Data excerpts
╭──

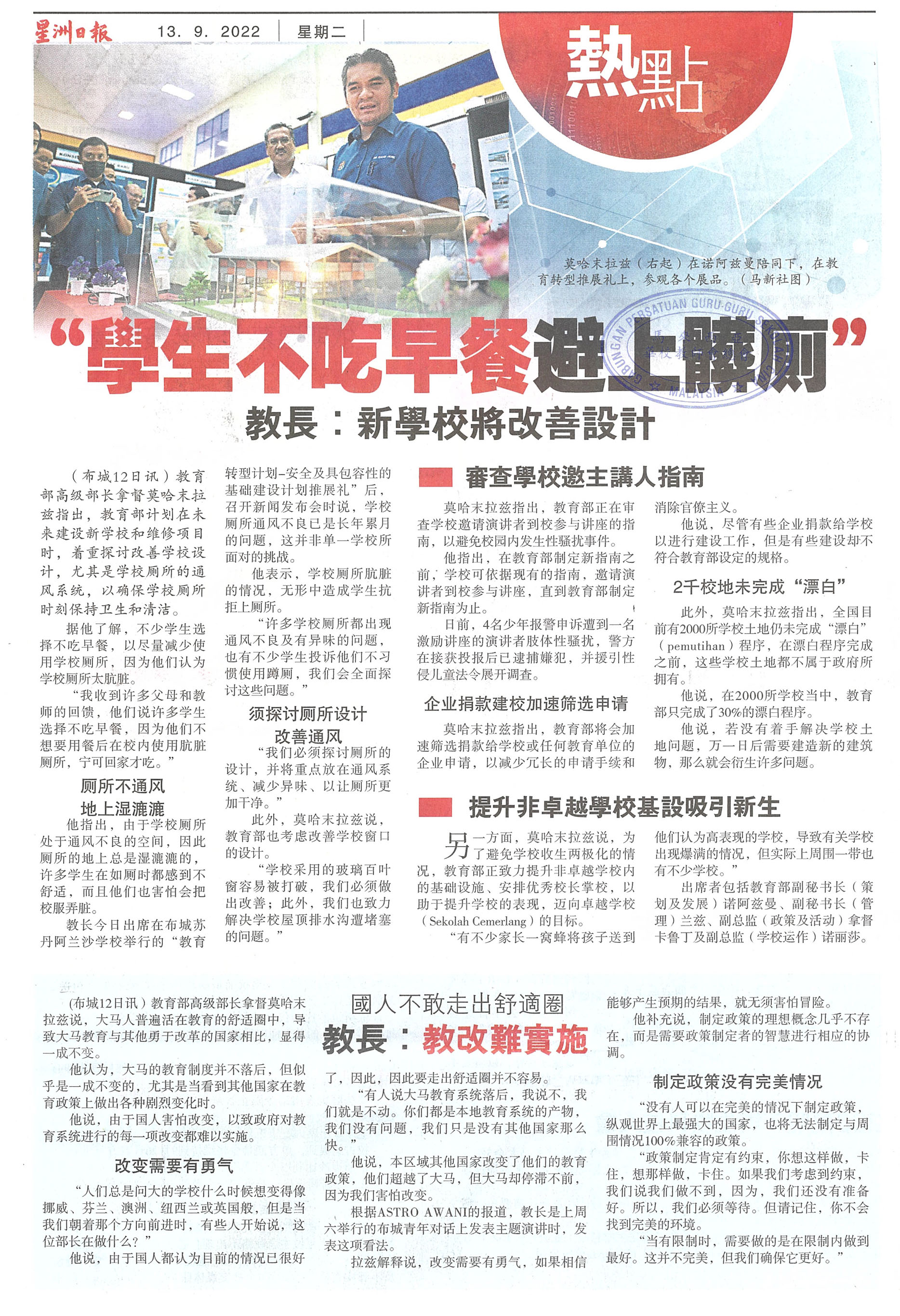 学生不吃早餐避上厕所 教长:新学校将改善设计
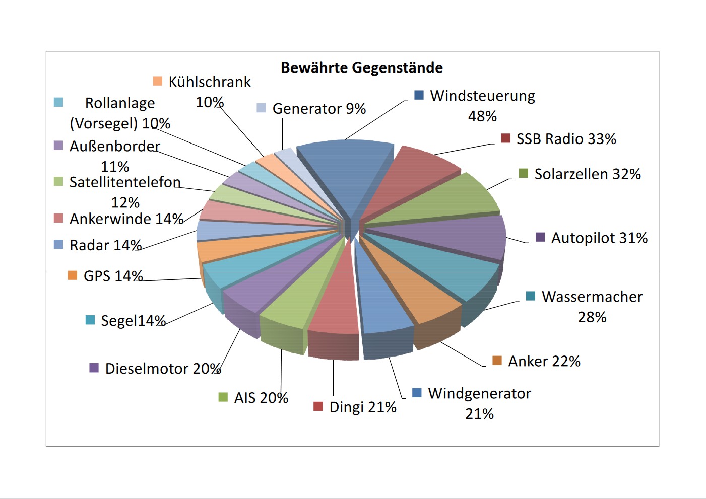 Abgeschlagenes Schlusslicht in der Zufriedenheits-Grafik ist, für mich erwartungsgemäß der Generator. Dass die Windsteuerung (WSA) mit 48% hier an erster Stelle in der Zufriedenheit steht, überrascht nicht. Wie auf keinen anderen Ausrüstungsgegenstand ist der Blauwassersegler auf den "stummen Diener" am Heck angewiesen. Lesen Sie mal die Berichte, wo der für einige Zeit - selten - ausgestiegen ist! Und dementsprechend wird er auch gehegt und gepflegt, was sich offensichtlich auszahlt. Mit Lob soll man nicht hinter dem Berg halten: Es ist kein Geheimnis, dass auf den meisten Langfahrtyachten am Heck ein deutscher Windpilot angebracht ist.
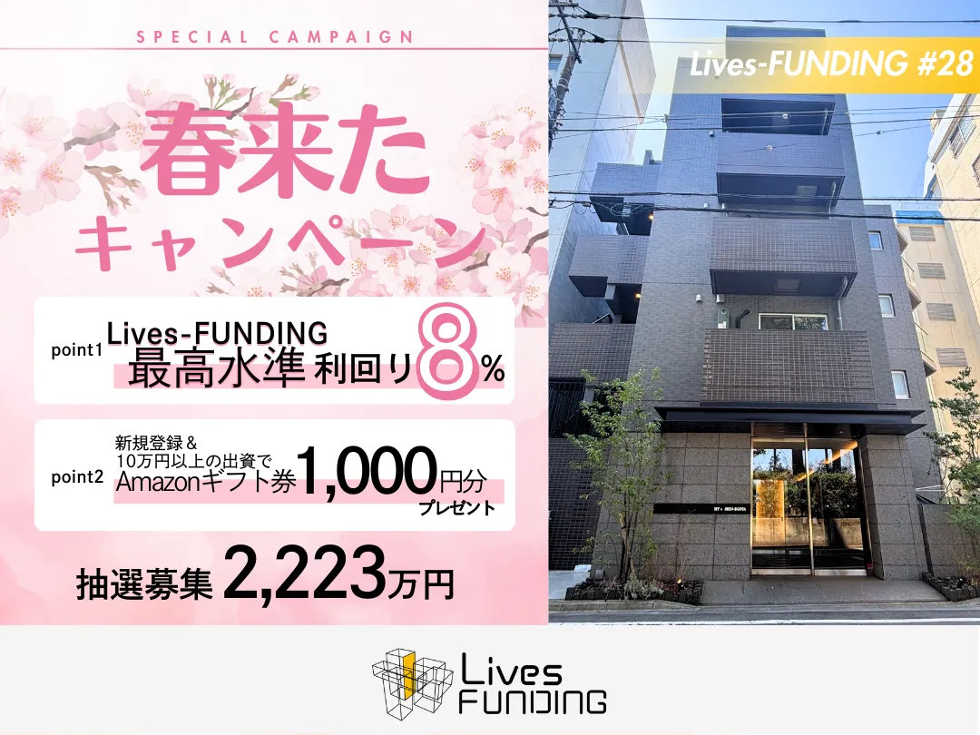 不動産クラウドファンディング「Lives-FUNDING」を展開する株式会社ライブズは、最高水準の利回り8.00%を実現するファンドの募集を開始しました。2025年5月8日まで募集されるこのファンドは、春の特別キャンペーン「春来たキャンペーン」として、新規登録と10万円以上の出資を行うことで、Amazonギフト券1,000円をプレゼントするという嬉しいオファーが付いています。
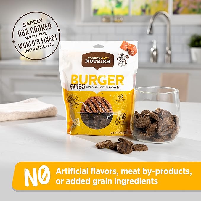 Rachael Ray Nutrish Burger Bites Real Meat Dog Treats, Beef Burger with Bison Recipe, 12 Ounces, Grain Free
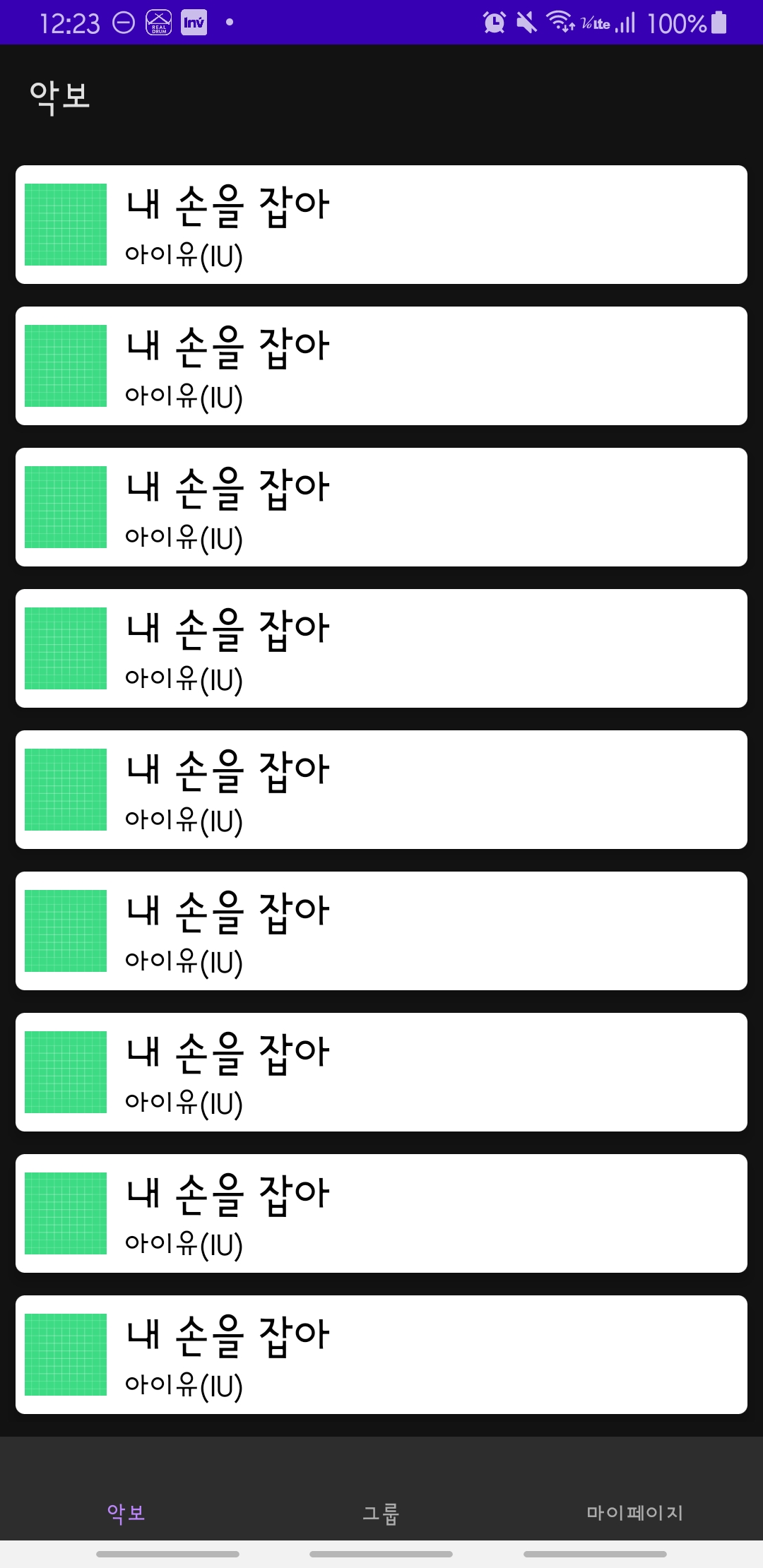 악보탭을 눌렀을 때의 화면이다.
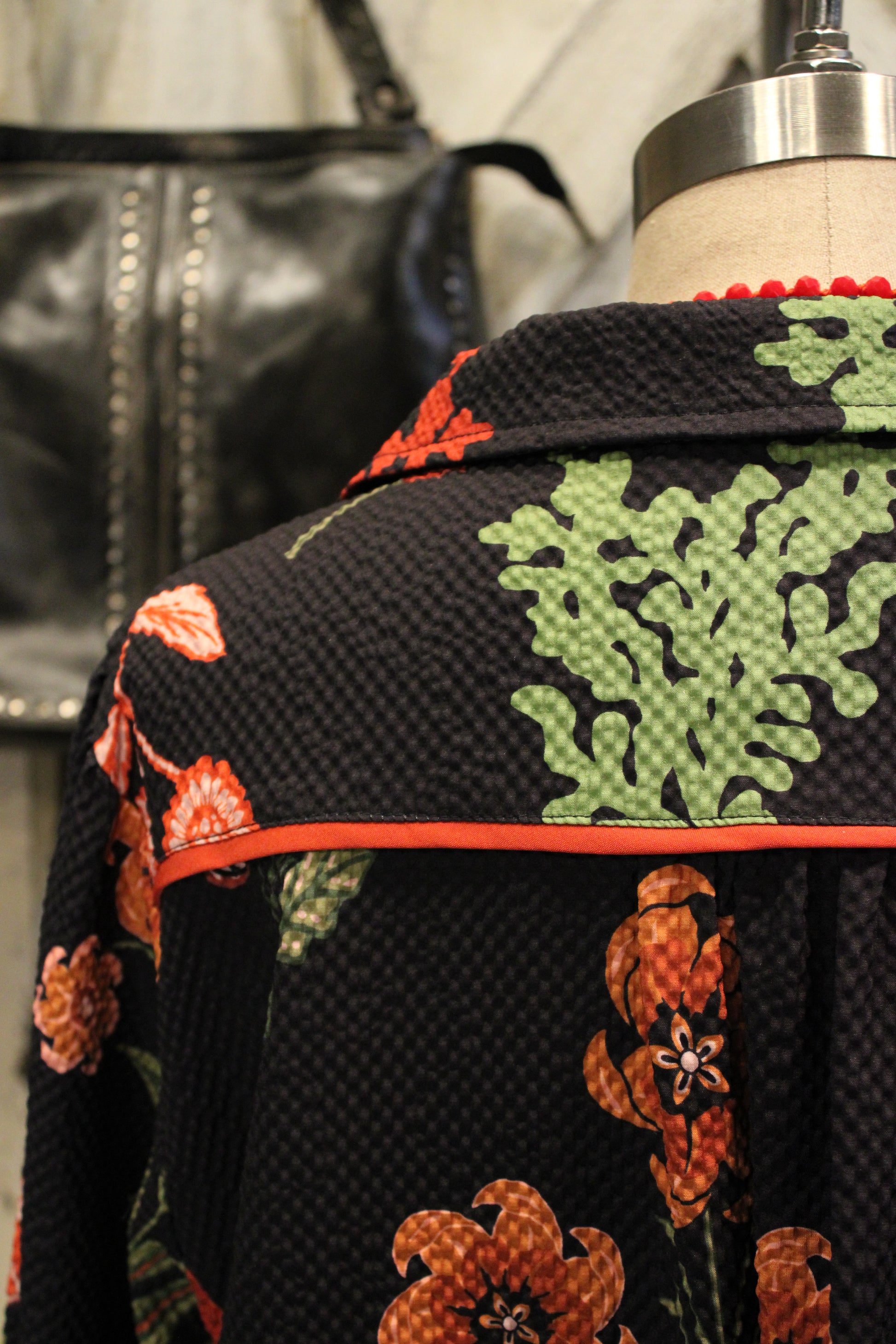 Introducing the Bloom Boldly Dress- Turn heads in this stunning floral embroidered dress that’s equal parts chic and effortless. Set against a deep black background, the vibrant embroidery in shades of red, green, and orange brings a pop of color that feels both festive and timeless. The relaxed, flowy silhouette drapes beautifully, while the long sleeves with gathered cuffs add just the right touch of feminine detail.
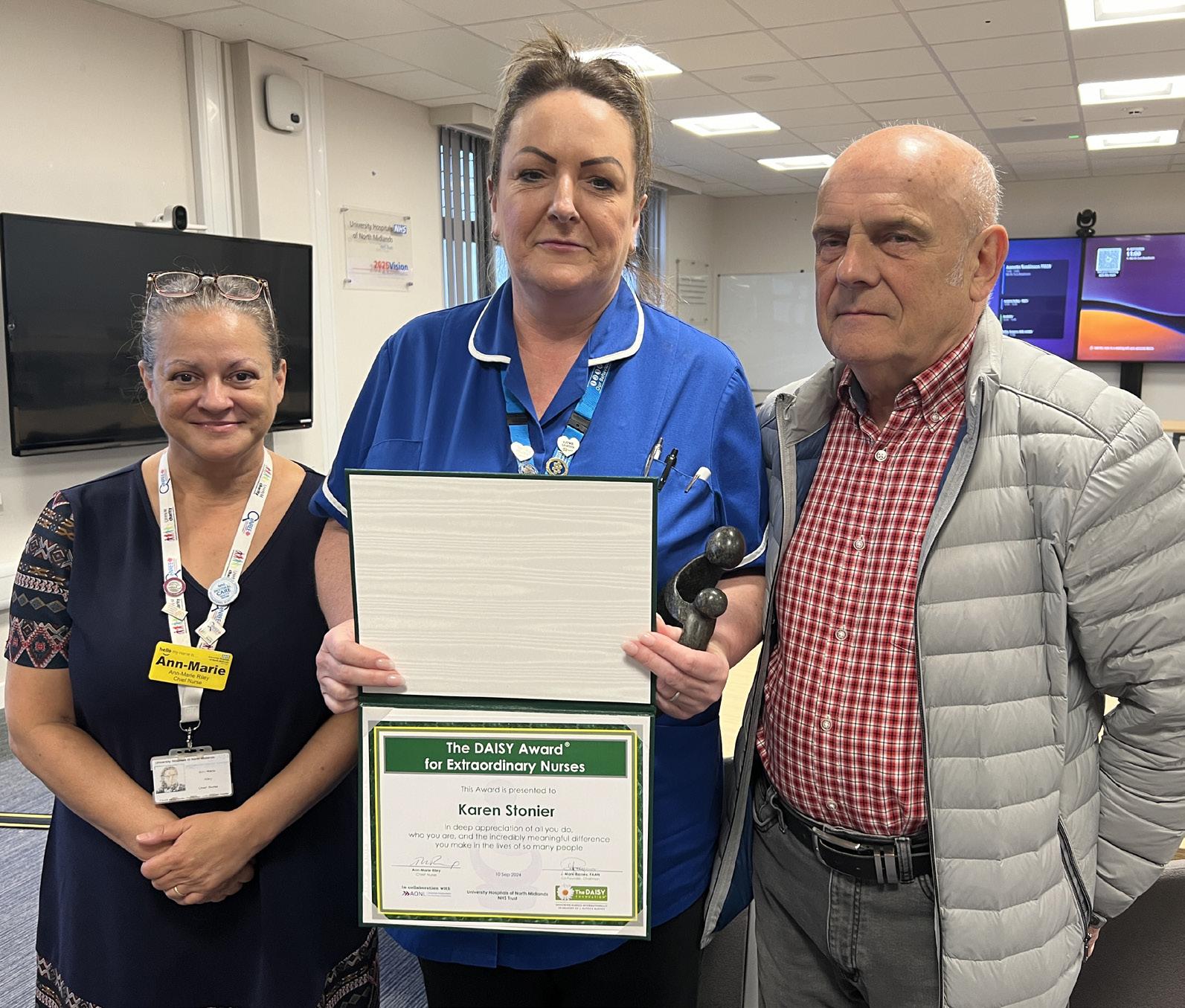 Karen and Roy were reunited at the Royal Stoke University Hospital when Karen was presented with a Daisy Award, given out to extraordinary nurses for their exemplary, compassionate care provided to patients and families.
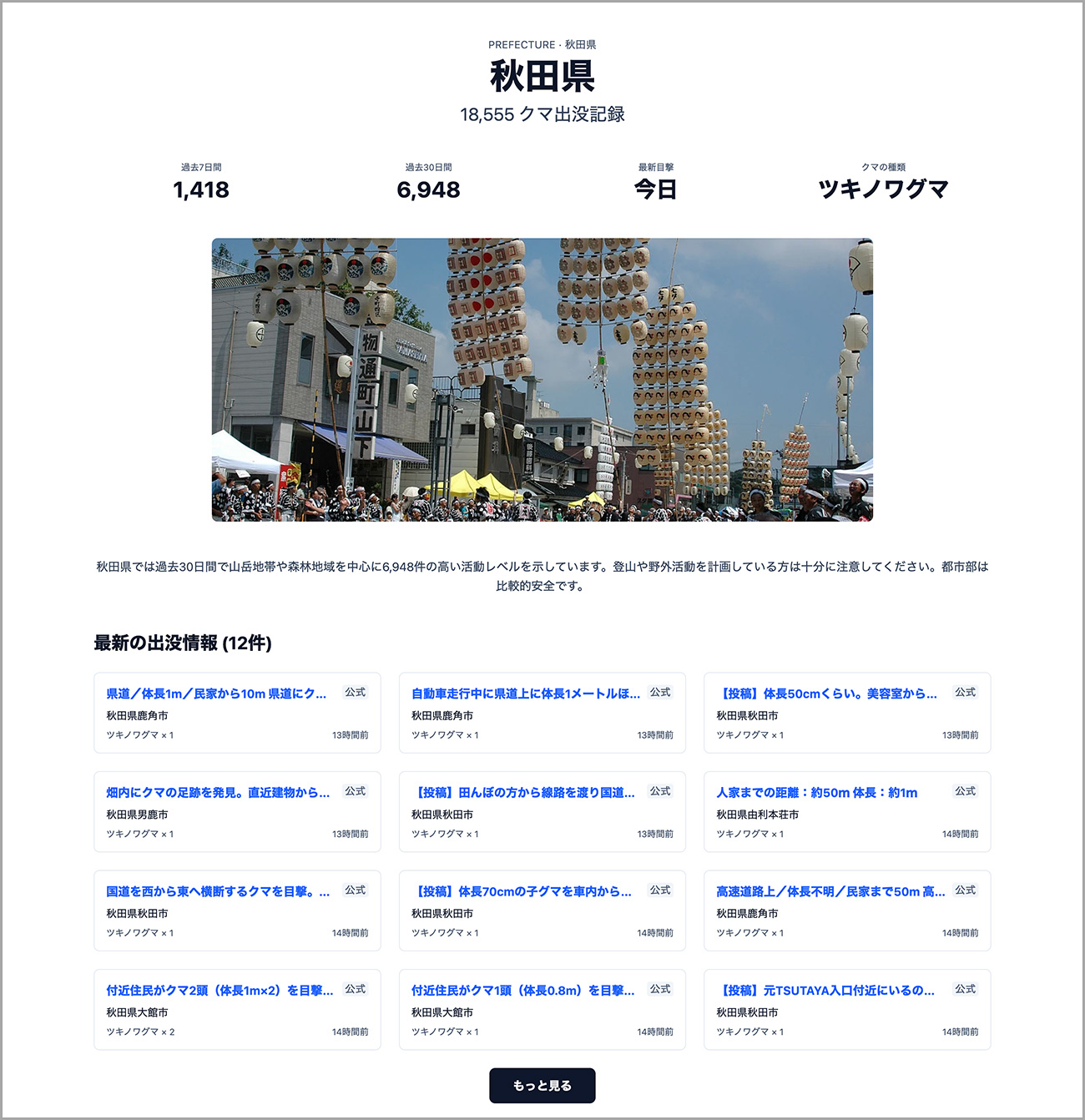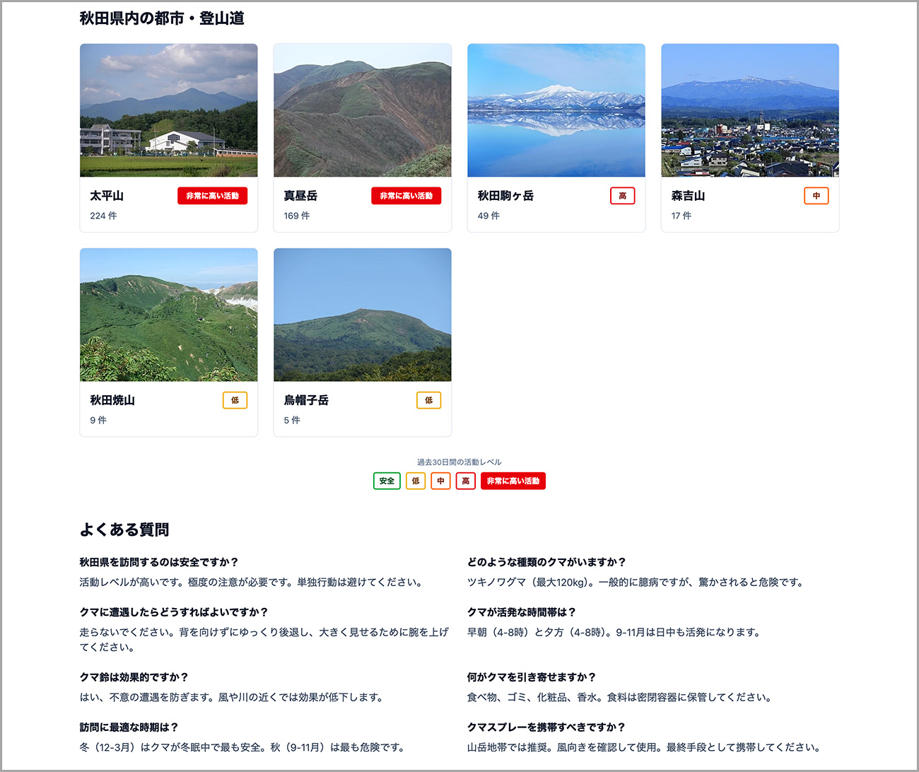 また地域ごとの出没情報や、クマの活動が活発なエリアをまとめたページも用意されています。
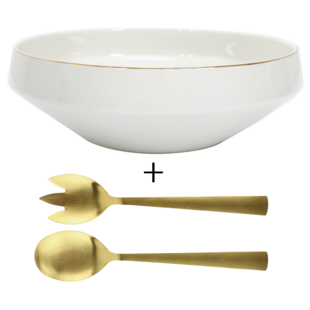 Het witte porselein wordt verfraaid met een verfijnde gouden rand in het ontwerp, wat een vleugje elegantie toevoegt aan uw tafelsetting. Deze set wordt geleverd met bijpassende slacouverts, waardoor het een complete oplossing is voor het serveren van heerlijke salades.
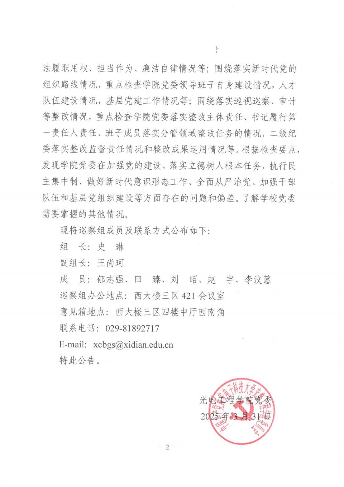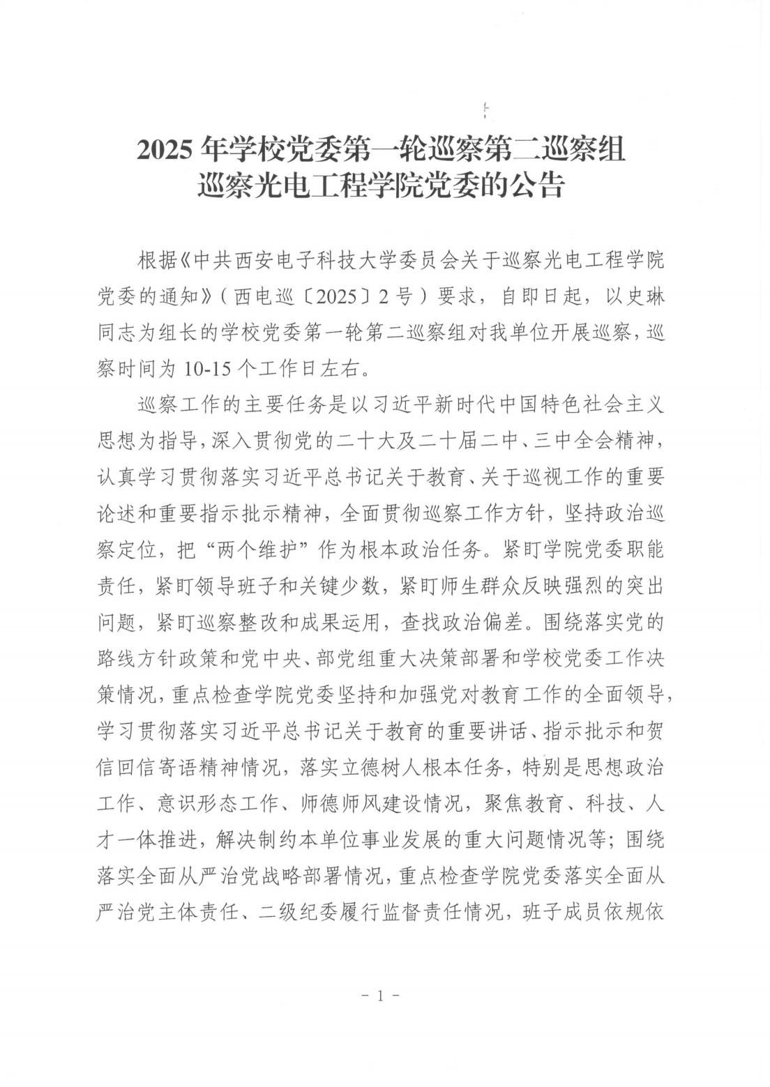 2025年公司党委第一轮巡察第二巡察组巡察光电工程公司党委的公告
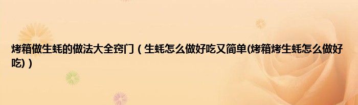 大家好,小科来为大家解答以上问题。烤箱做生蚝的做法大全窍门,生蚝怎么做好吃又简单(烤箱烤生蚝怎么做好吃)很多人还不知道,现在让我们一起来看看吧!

╰──

# EXERCISE DESCRIPTION:
Beginning at the line that holds "Karen and Roy" and ending with the last line of the entries, please set down each line exactly, leaving every picture out.

# OUTPUT OF THE EXERCISE:
 Karen and Roy were reunited at the Royal Stoke University Hospital when Karen was presented with a Daisy Award, given out to extraordinary nurses for their exemplary, compassionate care provided to patients and families.
 また地域ごとの出没情報や、クマの活動が活発なエリアをまとめたページも用意されています。
 Het witte porselein wordt verfraaid met een verfijnde gouden rand in het ontwerp, wat een vleugje elegantie toevoegt aan uw tafelsetting. Deze set wordt geleverd met bijpassende slacouverts, waardoor het een complete oplossing is voor het serveren van heerlijke salades.
 2025年公司党委第一轮巡察第二巡察组巡察光电工程公司党委的公告
 大家好,小科来为大家解答以上问题。烤箱做生蚝的做法大全窍门,生蚝怎么做好吃又简单(烤箱烤生蚝怎么做好吃)很多人还不知道,现在让我们一起来看看吧!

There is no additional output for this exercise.